Could political interference create ‘sovereign risk’ for Canada’s digital infrastructure?

A new report released this morning warns “Mandated access could impair Canada’s next generation of digital infrastructure.” The report, “Mandated Competition or Free Ride?” [pdf, 329KB], expresses “concern” that the CRTC would act on political directions to reduce wireless prices and warns of the potential impact of the Minister’s mandate letter on the perception of independence of Canadian regulatory institutions.

In the context of the CRTC’s recent Wireless Review proceeding, as well as the ongoing Cabinet appeal of last year’s wholesale broadband decision [Telecom Order CRTC 2019-288], the Competition Policy Council of the CD Howe Institute held an ”ad hoc” meeting in February to discuss the issue of mandating access to telecommunications facilities. Members of the Council highlighted a lack of clarity for what consumer price level the federal government views as “economically efficient”. The report says certain members of the Council “doubted that the federal government has an empirical basis for its [25%] price reduction target. These members believed that the federal government has established its target arbitrarily and for political aims.”

The report notes the significant risk of setting wholesale rates ‘wrong’ and says that most members of the Council were “skeptical of the institutional competence of the CRTC to consistently identify the ‘right’ regulated rates for mandating access.”

The consensus of Council members present was that competition in telecommunications services involves fast-paced technological change, long lead-time investment in facilities, multiple and highly differentiated service offerings, consumer demand for high-quality services, and rapidly evolving cost structures. All Council members were cognizant of the “enabling” impact of high-quality infrastructure for digital services on Canada’s overall competitiveness. While certain Council members contended that mandated access would provide downward pressure on consumer prices, other members were concerned that short-run price reductions would come at the expense of long-term investment incentives for next-generation facilities. Council members agreed that setting rates for access at too low a level below facilities providers’ required return on infrastructure investments would discourage future investments.

Members of the Competition Policy Council said “Setting rates for access at too low a level below facilities providers’ required return on infrastructure investments would discourage future investments.”

Council members agreed that facilities to transmit information – whether by signals over wireline infrastructure or using radio spectrum – are essential for providing communications services. The question at the core of the discussion was whether competitors ought to build their own facilities, or whether mandating access by some competitors to other competitors’ facilities is preferable.

Recording the divergent views of some members of the Council, the report takes on the tone of ‘meeting minutes’ of the debate among council members:

One group of Council members argued that the CRTC should increase mandated access – particularly by allowing MVNO access to wireless transmission facilities at regulated wholesale rates. These members contended that the CRTC should not assume that the only way to compete is to build alternative transmission systems and operate them more efficiently. In these members’ opinion, such “facilities-based competition” is an out-dated concept in the current technological setting, in which they contend great efficiencies can be generated by superior computer power and algorithms without the need of owning and running hardware transmission facilities. While acknowledging that mandated access requires close attention to appropriate access prices, this group of Council members contended that facilities-based providers would continue to have an efficient incentive for new infrastructure if the CRTC adopts a “cost plus” framework for setting rates for mandated access. That is, these members argue that rates can be calibrated to provide sufficiently high risk-adjusted returns on capital to preserve incentive for new investment at the margin.

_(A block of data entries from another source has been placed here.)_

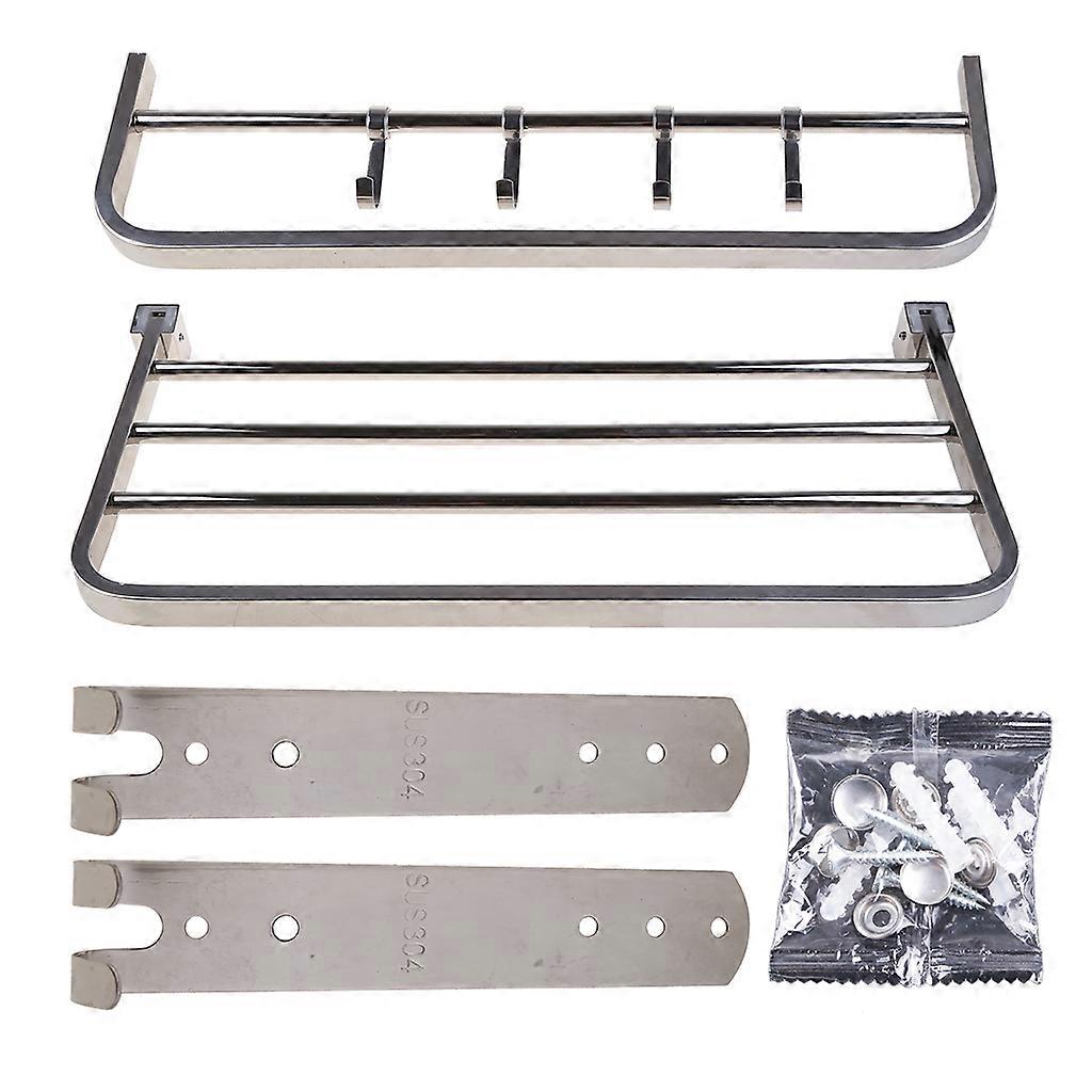 Stainless Steel Wall Mounted Foldable Bath Towel Rack Rail Holder Punch-Free Bathroom Storage Shelf with 4 Sliding Hooks 50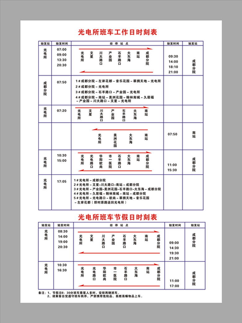 根据光电所第八届职工代表大会第一次会议收集的职工代表提案内容,物业公司本着改进工作、服务职工的宗旨和遵守《成都市非营运交通车辆停靠站点管理规定》的原则,对交通班车行车路线进行了调整。在行车路线、停靠站点和时间间隔安排上既考虑原文星线路人员的乘车需求,也考虑到华阳欧尚购物、市第一人民医院就医等需求以及转乘公交、地铁等社会公共交通的方便。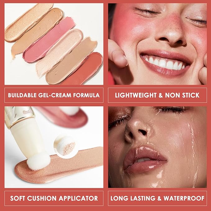 - 【SAVE YOUR MAKEUP TIME】The design of cushion applicator to dispense product evenly makes creating gorgeous, sculpted cheekbones easy. The silky formula is easy to blend and buildable for a lightweight and natural look. It will save your makeup time 80%!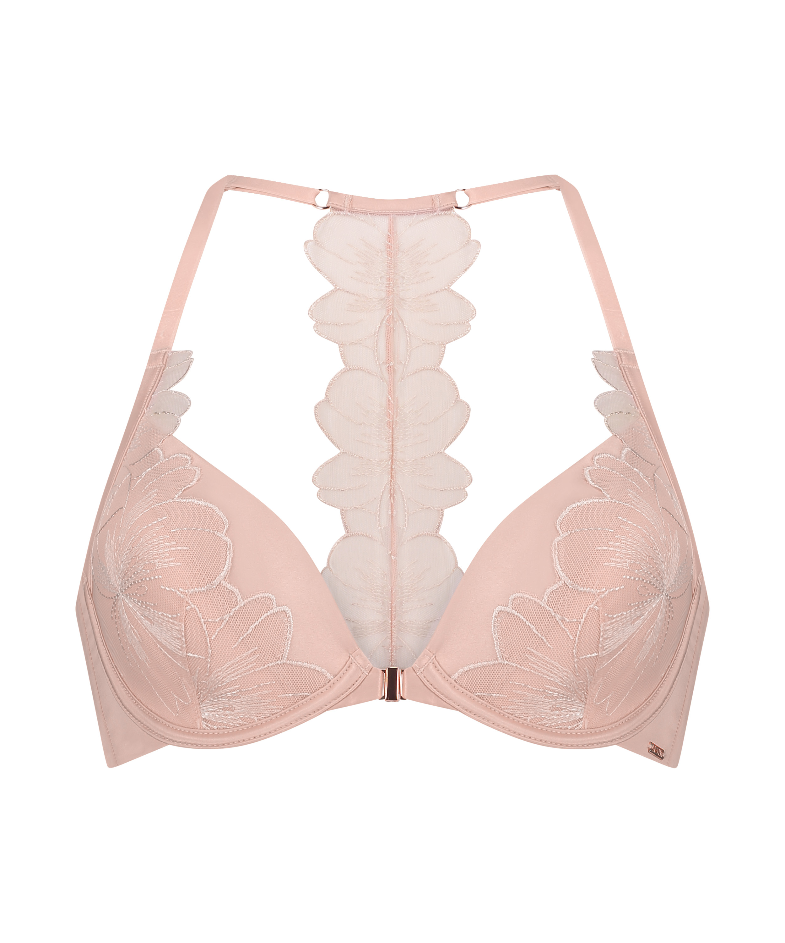 Sens-toi sexy dans ce superbe soutien-gorge ! Ce soutien-gorge rembourré est doté d'un clip de fermeture sur le devant et des bonnets décorés de magnifiques fleurs brodées. Il est doté de bretelles réglables et de superbes détails en dentelle dans le dos. Complète ton look avec les culottes assorties.

In contrast, as discussed further below, a second group of Council members expressed scepticism that the CRTC would have the capacity to set appropriate prices for access that provide the appropriate risk-adjusted rate of return to investment in facilities.

These sceptical members contended that mandating access has failed empirically to foster durable competition. For example, certain members pointed to the CRTC’s arguably unsuccessful earlier approach to compelling unbundling of local loops for telephones in order to foster competition in voice services. Nonetheless it was the development of voice services provided through cable and fiberoptic facilities (e.g., VoIP) that ultimately produced new competitors for telephone facilities.

In this way, these members observed that regulators tend to be “backwards-looking.” That is, regulators arguably focus on static sources of competition. By assuming that existing infrastructure will be the only technology for delivering a given service, certain Council members believe that regulators run the risk of interfering in the dynamic that drives entry of durable new facilities-based competition.

The report concludes with a discussion warning of political interference in the independence of Canada’s telecommunications regulator. “If government pursues short-run political objectives at the expense of returns on long-lived infrastructure investments, certain Council members believe confidence in Canada’s regulatory regime for telecommunications will be difficult to win back.”

According to members of the Council, politically driven policy shifts that result in reduced returns on past investments will be viewed by the investment community as a form of sovereign risk “unless political decision-makers make credible commitments to an independent regulatory process grounded in consistent principles.”